WHAT THE TASK REQUIRES: Word for word, write the lines below out again, with no pictures.

--- DATA SECTION Enclosed Below ---

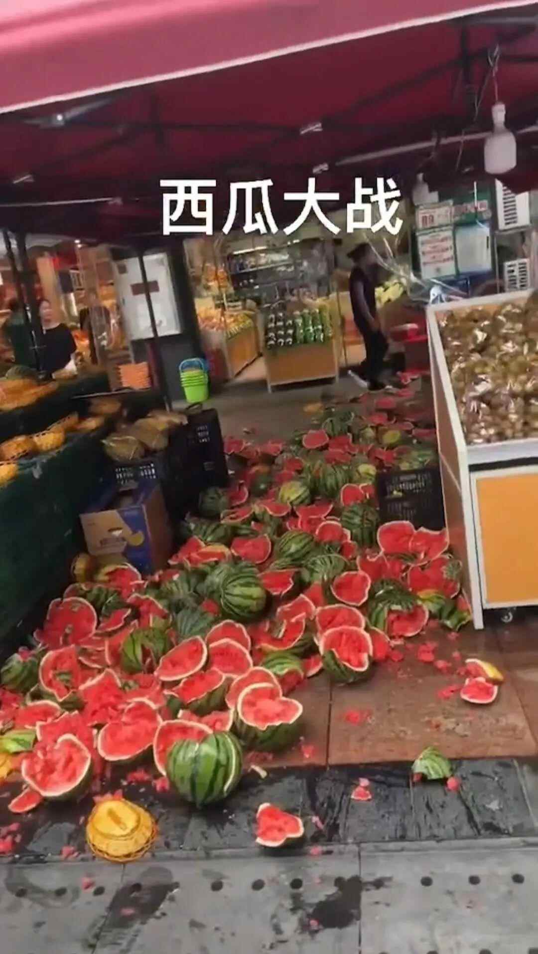 6月5日,多名网友发布视频称,重庆两家水果店起了争执,在街头上演砸西瓜大战。
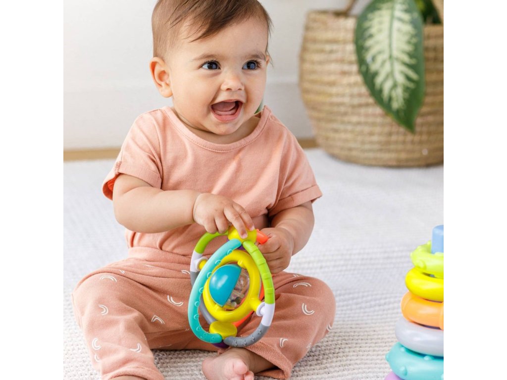 Hrkálka Orbit s rôznymi textúrami na skúmanie má tvar pre ľahké uchopenie rúk aj ústami. Korálky vo vnútri priehľadného krúžku pri pohybe jemne hrkajú.
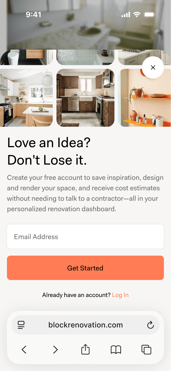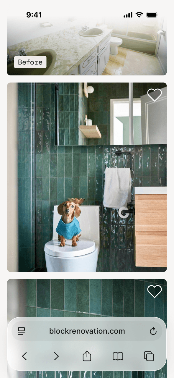Once the project data existed, we could enable homeowners to save projects they liked and use those as a starting point instead of having homeowners answer a generic quiz. It gave people something to react to rather than something to fill out.
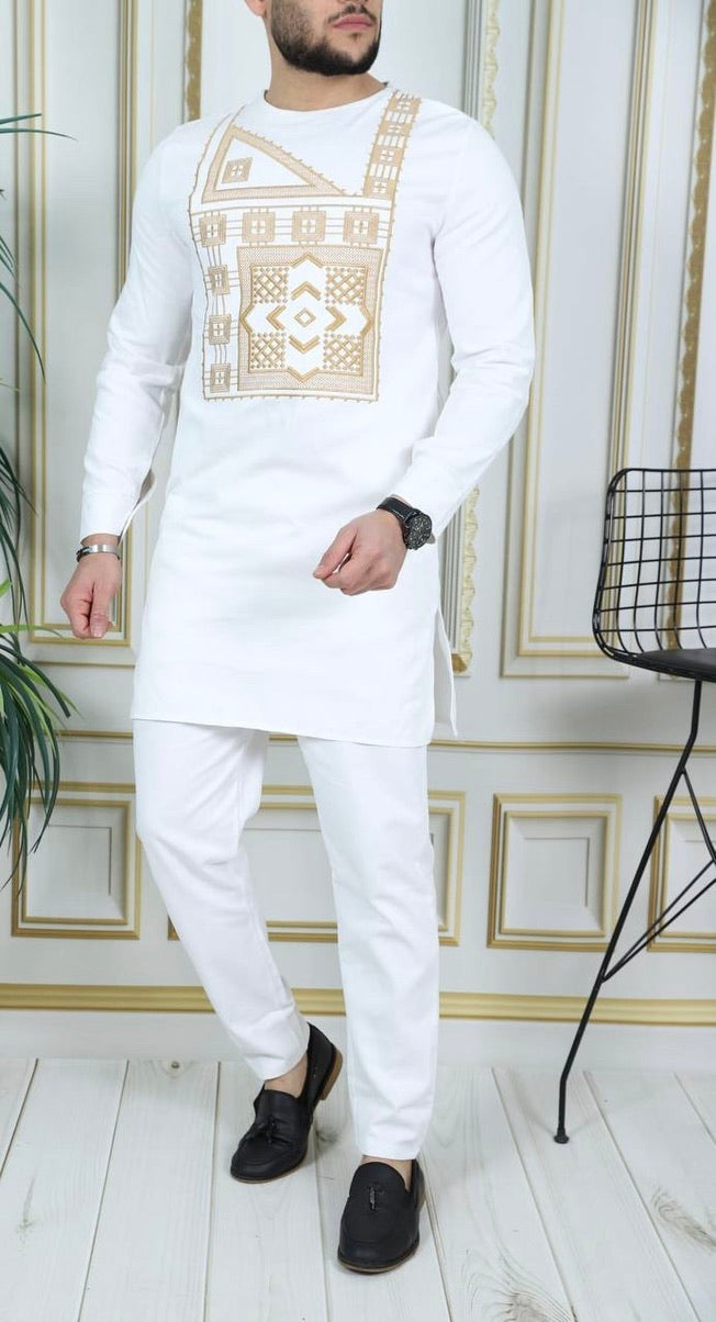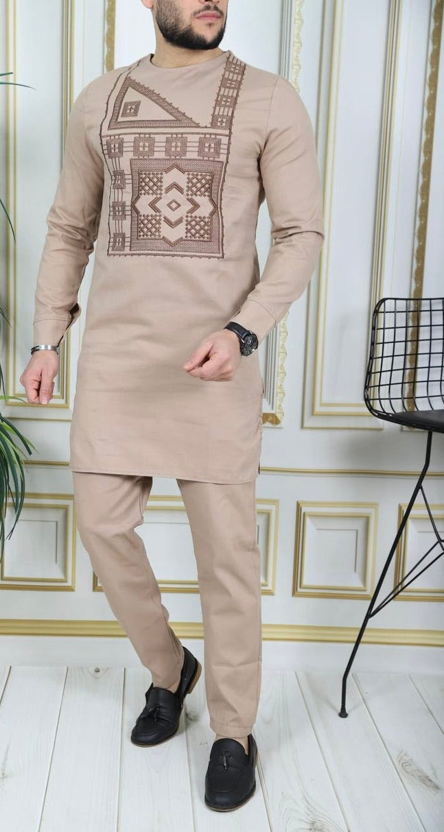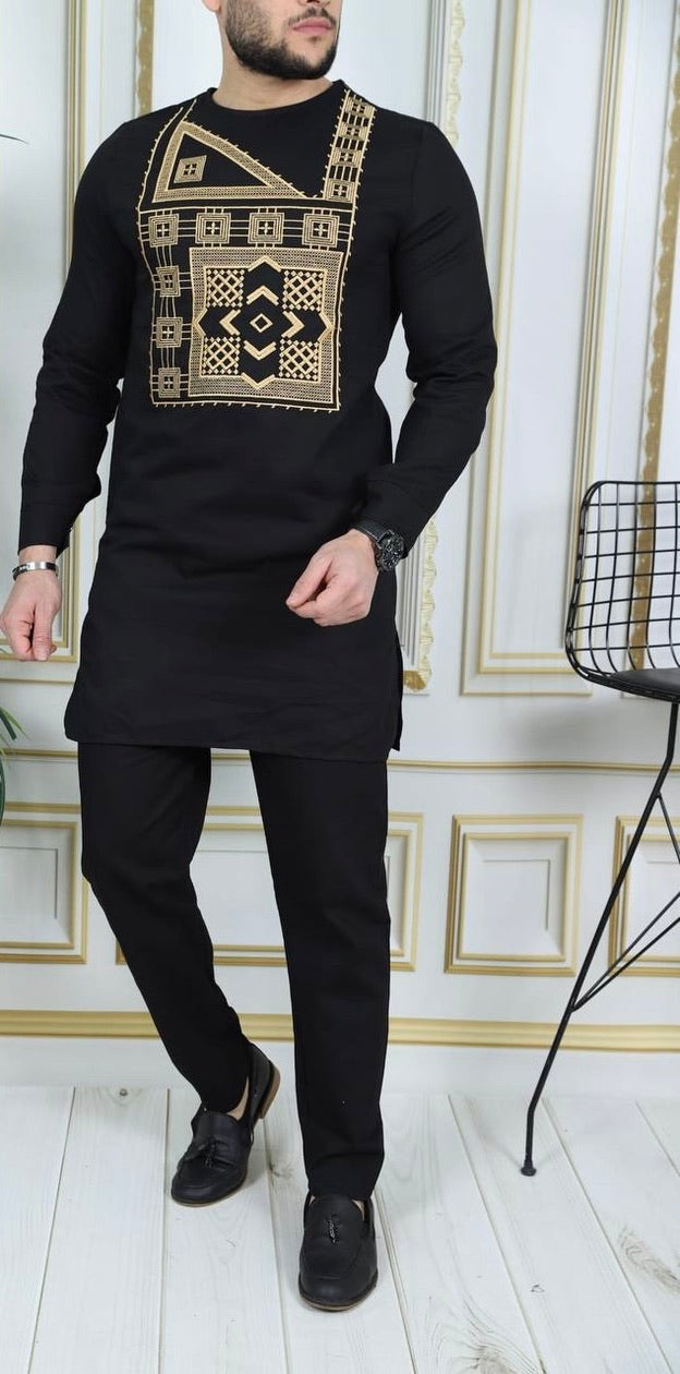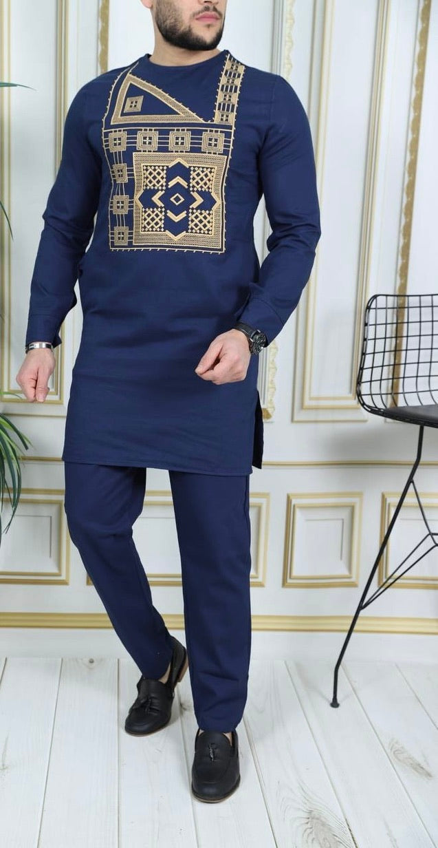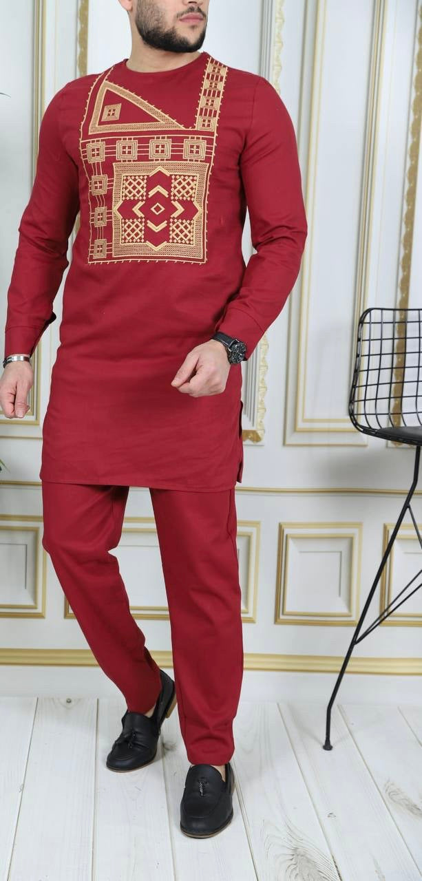 African Men's Clothing Embroidered Shirt Pants Cotton

--- End of Enclosed DATA SECTION ---

OUTPUT BELOW:
 6月5日,多名网友发布视频称,重庆两家水果店起了争执,在街头上演砸西瓜大战。
 Hrkálka Orbit s rôznymi textúrami na skúmanie má tvar pre ľahké uchopenie rúk aj ústami. Korálky vo vnútri priehľadného krúžku pri pohybe jemne hrkajú.
Once the project data existed, we could enable homeowners to save projects they liked and use those as a starting point instead of having homeowners answer a generic quiz. It gave people something to react to rather than something to fill out.
 African Men's Clothing Embroidered Shirt Pants Cotton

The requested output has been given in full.